Вот не знал, что в здешних водах завелись и такие звери! Кстати, направлялись они к моему бастиону – зачем?
– Дворецкий, – окликнул я, – доложись!
– В течение дня происшествий не зафиксировано, – немедленно забубнил он. – Посторонние на территории не замечены.
– А это, – кивнул я на экран, – твои кореша, что ли?
– О машинах, следующих по магистрали, тоже докладывать? – осведомился он словно бы с ехидцей. – Их видно с верхней камеры.
Я в самом деле установил на крыше электронный глаз, но сообщать Дворецкий должен лишь об авто, съезжающих на мое ответвление. А если попробуют взобраться сюда по скале, он тоже примет меры.
– У подножия никто не плескался?
– Я бы заметил, верно? – В его голосе снова почудилась ирония.
Черт, придется и под моей скалой ставить «глазки». И что вынюхивают ухари: не озерный ли сток? Конечно, там решетка, однако взломать ее…
– Эй, – произнес я вдруг, – а это что?
Почуяв движение, подводные камеры вновь включились, и на экране возникло нечто – огромное, длинное, перемещающееся неуклюжими рывками. На что оно походит, я не понял – во всяком случае не на ком спутанных нитей. Возникло оно сбоку, будто следовало за давно сгинувшими пловцами, а не выбралось из ближних пещер. И вряд ли тут сыщется подходящая по размерам.
– В каталоге не значится, – ответил Дворецкий, словно бы я спрашивал у него, и предложил: – Могу послать запрос в Океан.
– Сделай одолжение, – пробормотал я, спешно регулируя изображение. В инфрасвете очертания исполина проступили четче, но все равно его даже сравнить было не с чем. Он вообще не выглядел живым: какое-то сплетение шипастых стержней, натянутых канатов, пульсирующих мешков. Но на механизм смахивал еще меньше.
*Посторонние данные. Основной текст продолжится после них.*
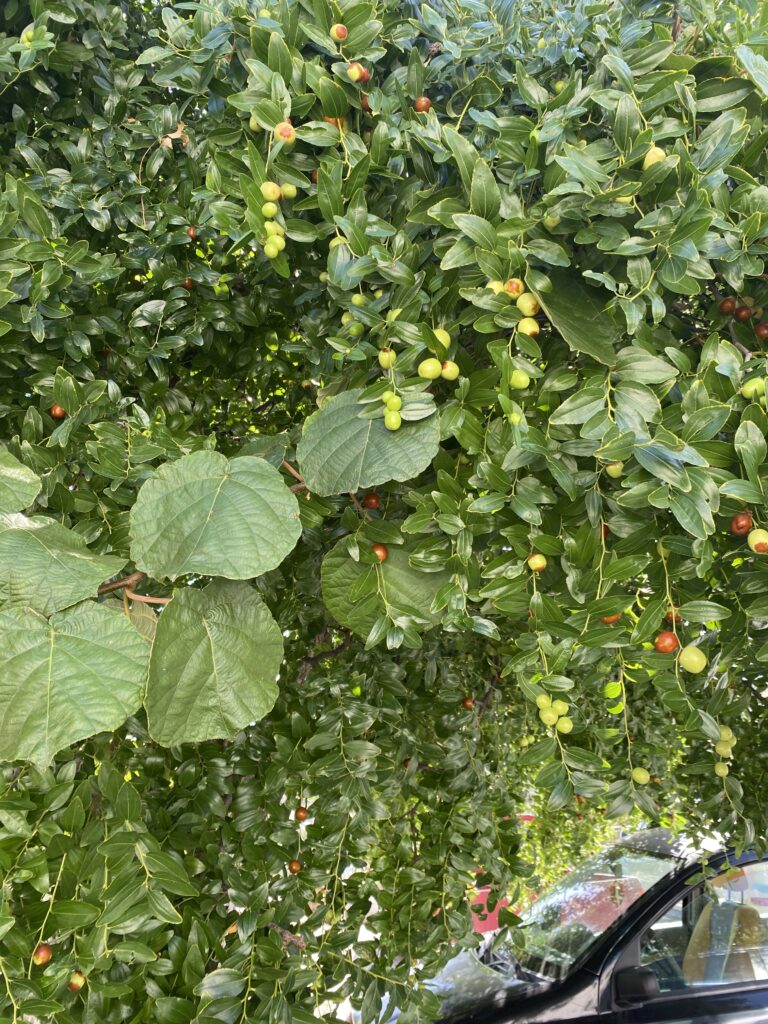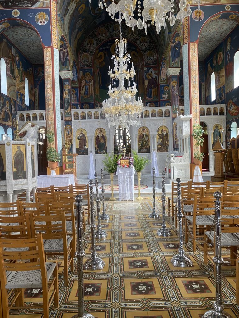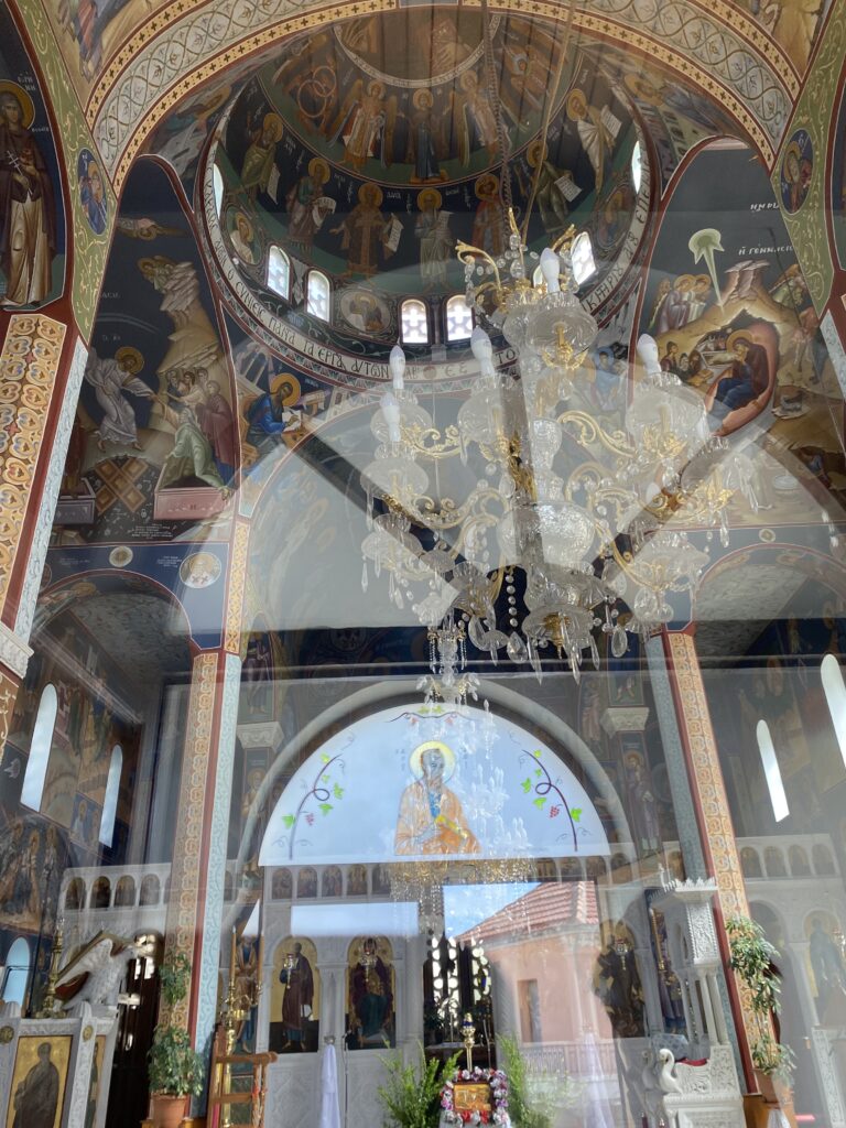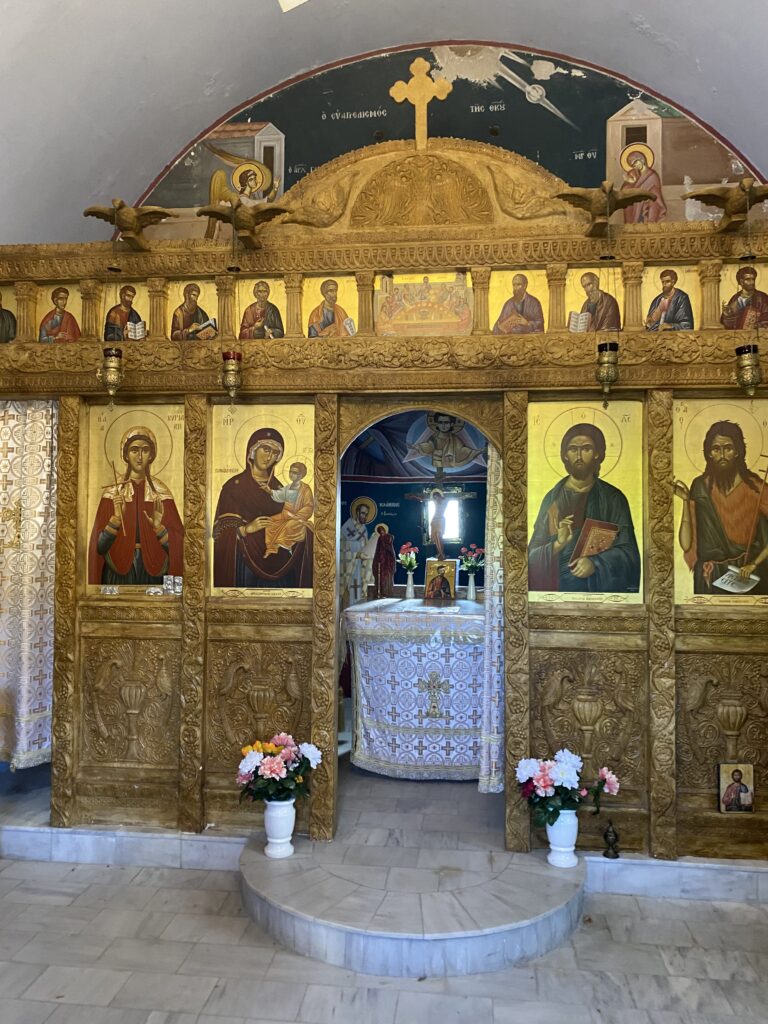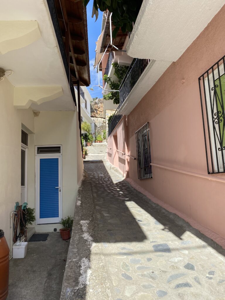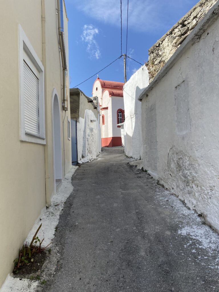 Nächster halt ein Dörfchen namens Karines. Dort wurden wir mit Brot, Oliven, Olivenöl, Feta und Raki verkostet. An einem Baum hingen Früchte und zwar die chinesische Datteln. Eine ältere Frau sprach uns an diese zu probieren! Nachdem sie eine Frucht gegessen hatte, trauten Cedi und ich uns auch! Die Frucht schmeckte nach Apfel, eigentlich ganz lecker!
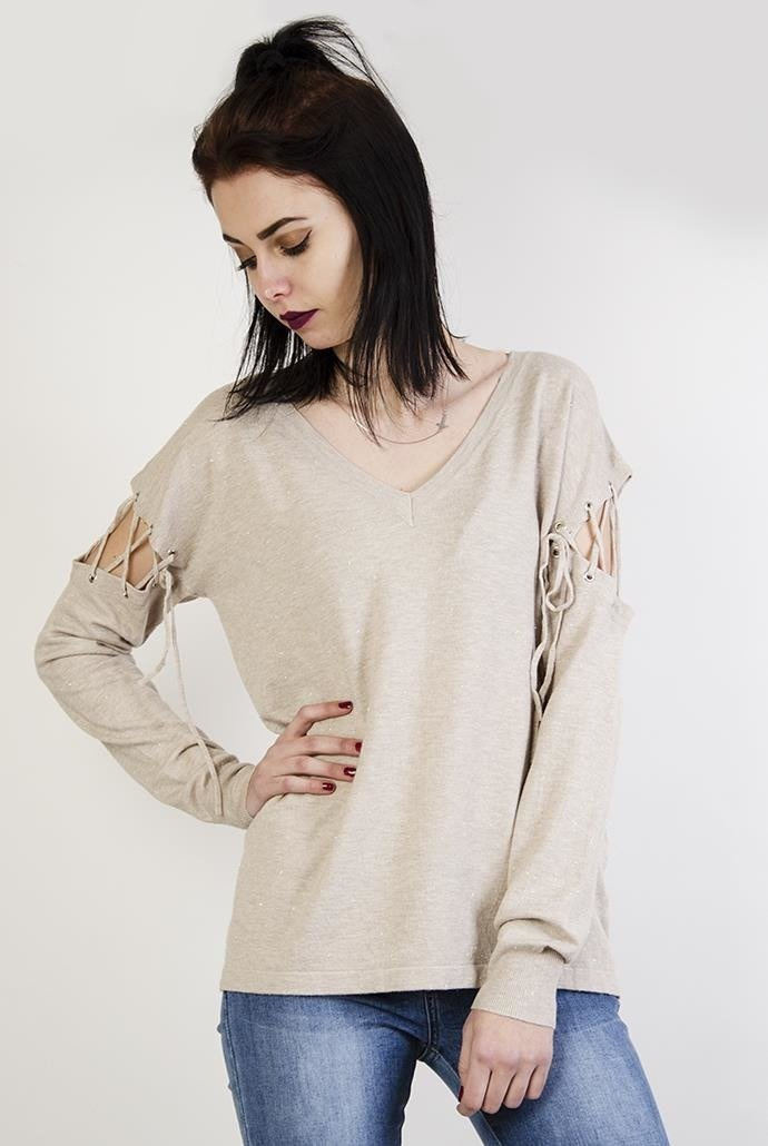 Beżowy sweterek z dekoltem w serek oraz wiązaniami przy ramionach. Wykonany z przyjemnego w dotyku materiału. Posiada jasnoniebieskie drobinki.

– Прикинь расстояние до подъемника и подели на его скорость, – велел я. – Сколько вышло?
– Двадцать три секунды.
Ого! А ведь кажется, чудище не спешит.
– Дай знать, когда время истечет.
Отсчитывая секунды, я помчался через темные комнаты, по пути заскочив за гранатометом. Если повезет, состоится такая охота!.. Варварство, конечно, но сия зверюга явно не из травоядов.
Обогнув бассейн, я подбежал к краю обрыва, нацелил вниз выключенный прожектор. И почти сразу Дворецкий объявил:
– Время!
Пронзительный луч ударил в воду, высветив ее до придонных валунов. До последнего мига я не верил в удачу, но расчет оказался идеален – чудище возникло подо мной, как на ладони. На секунду оно застыло, словно бы в ослеплении, а я уж подбрасывал к плечу гранатомет, наводя на цель. Оставалось спустить курок, но палец точно окаменел. Или я плохо ему скомандовал. Ну давай, охотничек! Что могло разладиться в тебе?
Пока я разбирался с собой, в воде и впрямь будто шарахнул взрыв, взметнув брызги к самому прожектору. Непроизвольно я отпрянул, и, возможно, это меня спасло, потому что в следующий миг снизу вырвалась струя пламени, в слепящем сиянии которого померк прожекторный луч, шибанула по прибору. И теперь взорвался уже он, разметав пылающие брызги.
Ударной волной меня швырнуло в бассейн, и только это уберегло от ожогов. Благоразумно переждав в глубине, пока над поверхностью отбушуют багряные всполохи, я вынырнул, отплевываясь, – уже в кромешной тьме. Действительно, мне сегодня везет. Как утопленнику.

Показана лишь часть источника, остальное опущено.